As Henry Clay, one of Jack Kennedy's Profiles in Courage, stated about free trade on the floor of the United States Senate in 1832: "It never existed; it never will exist...." China makes Clay's free trade forecast true. China, like Japan, closed its market for all things produced in China, but has adopted an industrial policy of attracting research, technology, development, and production with complete control of finance and labor. China sets the pace in globalization, and countries in the Pacific, Europe, and South America all engage in globalization to protect their economy. Globalization is nothing more than a trade war with production looking for a country cheaper to produce. And in this commercial chaos, a nation must move to protect its economy. There is no free trade.



Now comes the best of political writers, Joe Klein, with the cover article of Time magazine entitled "An American Journey." "One road trip reveals the issues people are talking about -- but politicians aren't," writes Klein. In the first sentences of the Klein article, Joe writes: "Americans get to talking about politics these days ... that our best days as a nation are behind us ... that China is in the driver's seat." And he closes his article: "Bill later took me to a community meeting that was filled with all the same complaints -- about the incivility of public discourse, about the loss of jobs to China." Klein is on target. The people have known for some time that we are in a trade war. Long before the recession, South Carolina lost its textile industry; North Carolina lost its furniture industry; Michigan lost its automobile industry; Silicon Valley and Intel had moved to China, with Bill Gates' Microsoft supporting research in China. An American industrialist is not invited to Jack Welch's GE seminar on competition. It's always been limited to an in-house seminar. But recently Jeffery Immelt held it in China with two dozen Chinese entrepreneurs invited. All of America is catering to China. Even Klein writes: "Clinton used to say that the manufacturing jobs that went away weren't coming back, and he was undoubtedly right about that."



Klein is right if nothing is done about the off-shoring of our economy.
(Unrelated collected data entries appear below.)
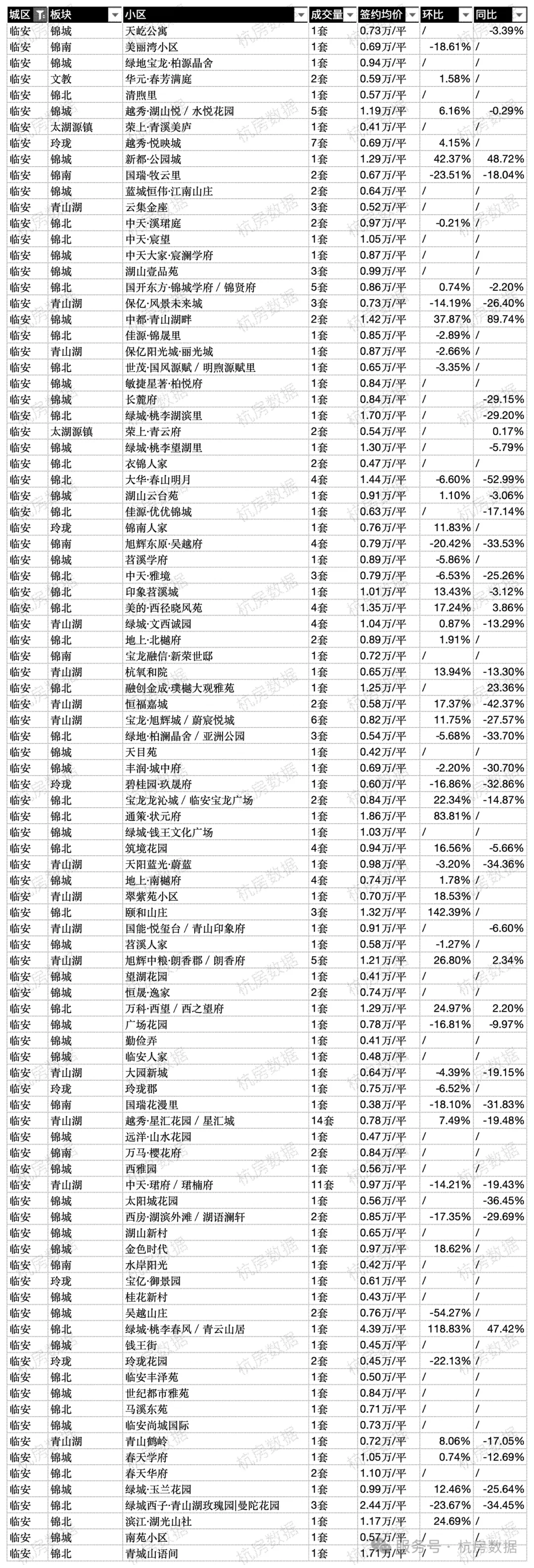 临安区弱成交小区汇总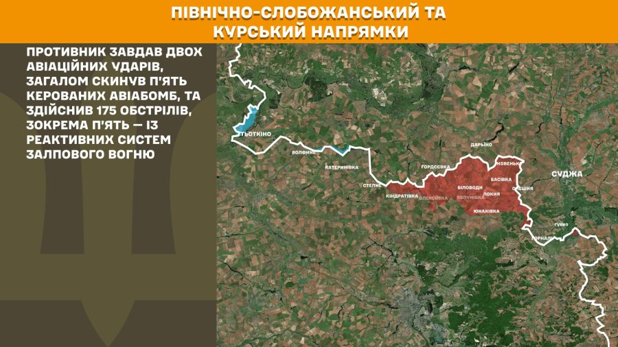 На Північно-Слобожанському і Курському напрямках противник завдав двох авіаційних ударів, загалом скинув п’ять керованих авіабомб, та здійснив 175 обстрілів, зокрема п’ять – із реактивних систем залпового вогню.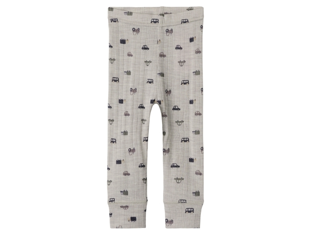 Name It leggings i lys grå nuance med bilprint i merinould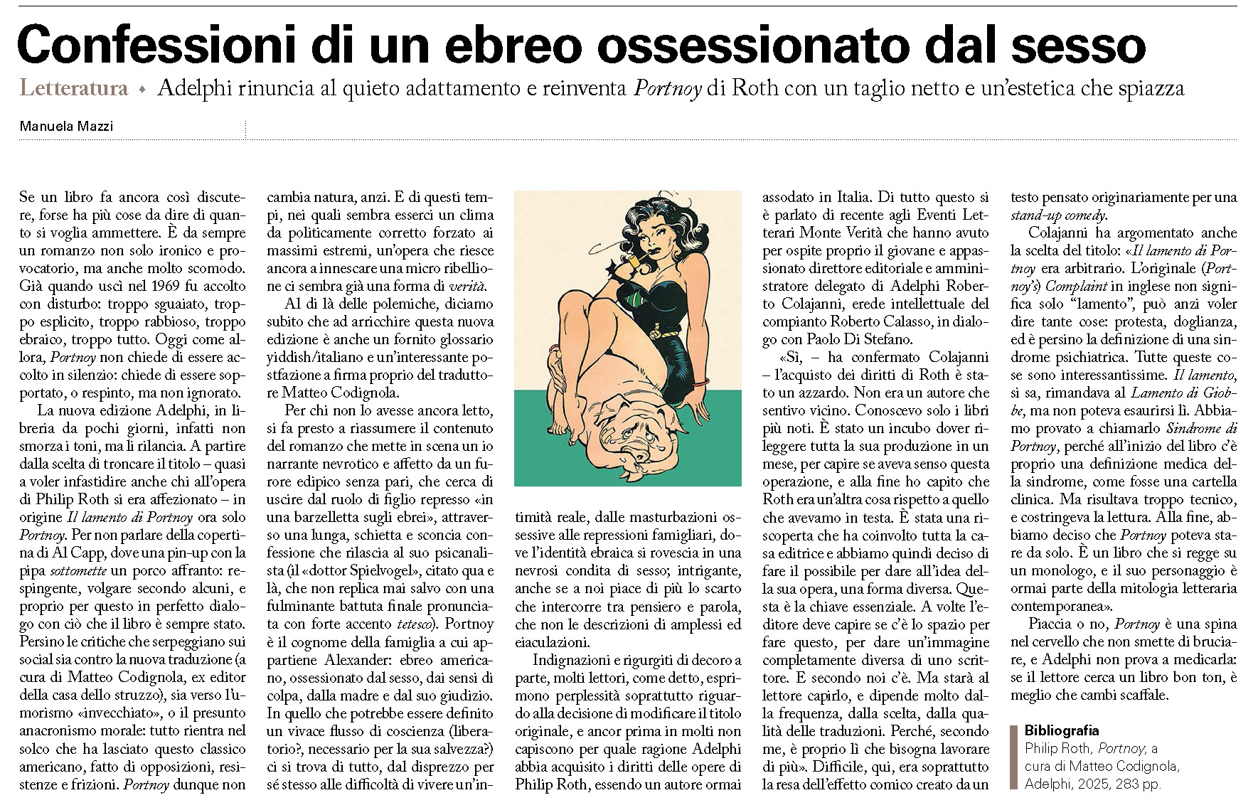 Nel settimanale “Azione”, per le pagine culturali, è uscita questa mia nota sulla riedizione adelphiana di “Portnoy” di Philip Roth. Qui il link (gratuito senza richiesta di iscrizione).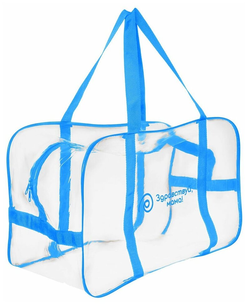 СохранитьСумка в роддом прозрачная готовая для мамы и малыша "здравствуй, мама!", цвет голубая, одна большая сумка интересное: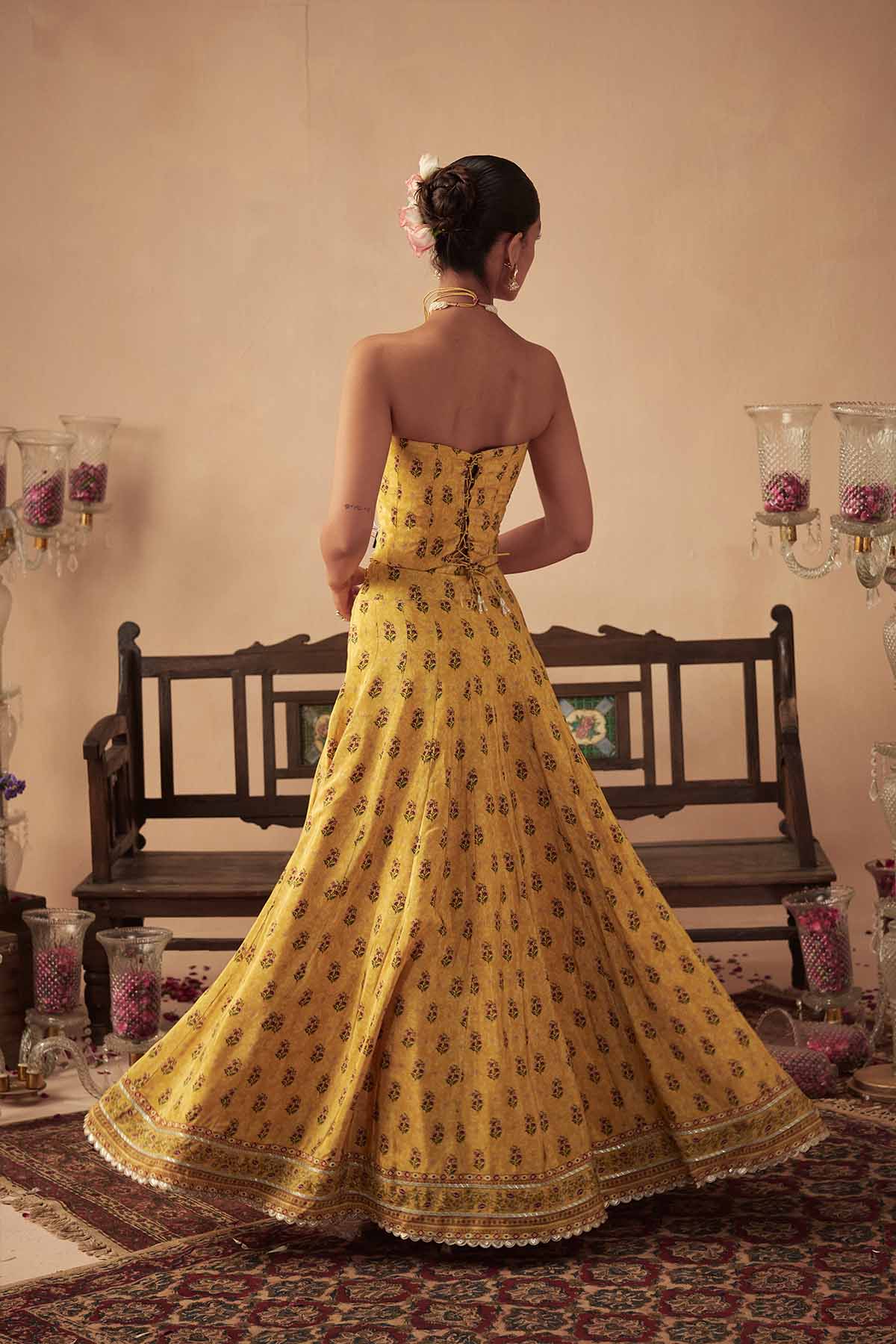 Featuring a yellow printed lehenga paired with a printed, hand-embroidered corset.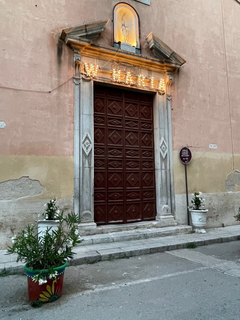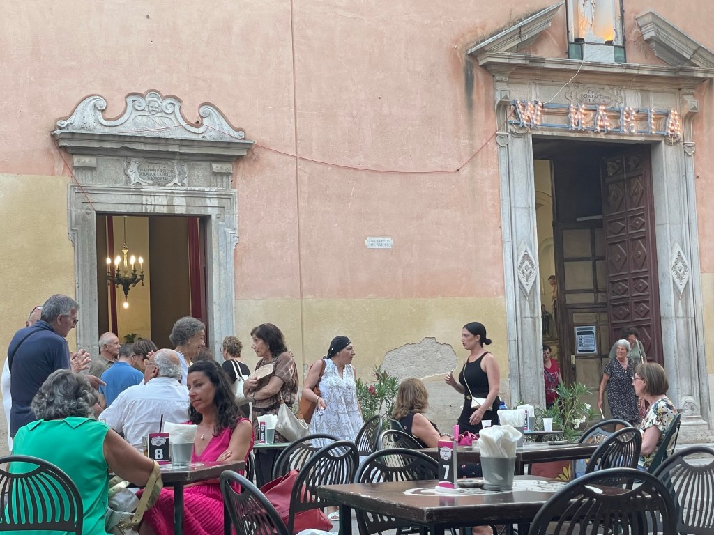That evening we went out for final drinks and dinner with our crew who were leaving the following morning. We discovered a bar in a tiny piazza set back from a busy street. Across from the bar was a church with its name – W Maria – up in lights above the door. It was unusual but quite charming. The church was full for the Saturday evening service. As I peeked in, I could see many of the women looking for some relief from the heat, their handheld fans swishing back and forth as they sang.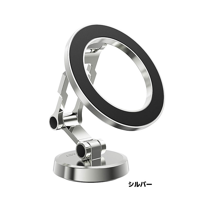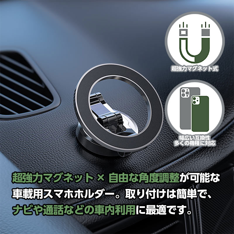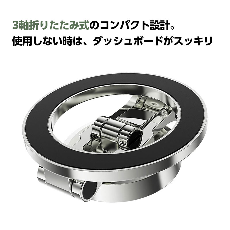 | 「ピタッと固定、スッと操作。」強力マグネットでスマートフォンをしっかり固定し、走行中でも安定して使用できます。3軸折りたたみ構造(多関節アーム)+360°回転ベースで、ナビや通話に最適な角度に自由調整。ダッシュボードにしっかり固定できる3M粘着を採用し、跡が残りにくい設計です。幅広いスマートフォンに対応し、快適で安全なドライブをサポートします。 | |

That's the nation's problem. That's the people's frustration. Nothing is being done. At the local level, governors and mayors have an industrial policy to attract industry and jobs. But Washington finances and supports the off-shoring of industry and jobs. Washington and the Wall Street crowd that got us into this mess are not a bit interested in U.S. jobs or the U. S. economy. Corporate America and the financial crowd are interested in opportunities in China, India, Vietnam, or wherever. But Article I, Section 8, of the Constitution emburdens Congress to regulate commerce, and the president is supposed to enforce the regulations. Our only hope is for President Obama and Congress to sober up from their political campaigning and take care of the country's needs. As Paul Craig Roberts, former Assistant Secretary of the Treasury for Ronald Reagan, states: "The only way the United States will again have an economy is by bringing back the off-shored jobs."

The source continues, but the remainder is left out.